Уже вскоре, через год-другой, группы инженеров начинают без иронических улыбок интересоваться ракетной техникой. Мысли Константина Эдуардовича будоражат умы, в технических вузах ведутся дискуссии на эту тему, и сам ученик Н.Е.Жуковского — доцент В.П.Ветчинкин — уже грешит. Он проверяет расчеты К.Э.Циолковского. Он кое-что добавляет от себя. Получается интересно, но... идти по пути Циолковского. Нет, нет, это невозможно. Надо что-то изобрести, чтобы отгородиться прочной стеной от Циолковского. Скажут: «Школа Циолковского!» Какой позор — быть школы калужского самоучки! Да не будет этого!
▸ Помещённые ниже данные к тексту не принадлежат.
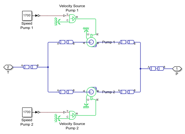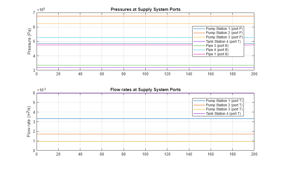 . Each pumping station consists of two centrifugal pumps installed in parallel with prime movers rotating at 1700 rpm. The pump characteristics are specified using lookup tables. All pipes are modeled using Pipe (IL) blocks.

«Высшие авиационные круги» не понимали и не хотели понять прогрессивных работ К.Э.Циолковского и уже на заре авиации стали впадать в состояние застоя и бюрократического ханжества. Что можно было от них ожидать? Мы даже не представляли себе, в каком ужасном состоянии было дело воздухоплавания. Один из наиболее талантливых наших авиаконструкторов, А.С.Яковлев, в книге «Рассказы авиаконструктора» (М., 1961) живописует развал наиболее важных авиационных организаций того времени: [ Яковлев Александр Сергеевич (1906—1989) — выдающийся авиаконструктор, академик АН СССР, генерал-полковник инженерно-технической службы.]

«В ведении Народного комиссариата авиационной промышленности находился крупнейший Центральный аэрогидродинамический институт (ЦАГИ), где дела находились в плачевном состоянии. Создавалось впечатление, что вершителями всех дел в этом основном научном центре нашей авиации были не научные руководители, а мелкие администраторы. Иные научные сотрудники совершенно не знали жизни, самолетов в натуре никогда не видели. Они занимались в основном никому не нужными диссертациями и зарабатывали себе ученые степени». Не лучше характеризует А.С.Яковлев работу другого ответственного учреждения: «В интересах государства нужно было растить новые конструкторские бюро, развивать это дело, а бюрократы из Глававиапрома и директор нашего завода этого не понимают... Мы сделали какой-то шаг вперед в освоении скоростей, а нас прогнали с завода».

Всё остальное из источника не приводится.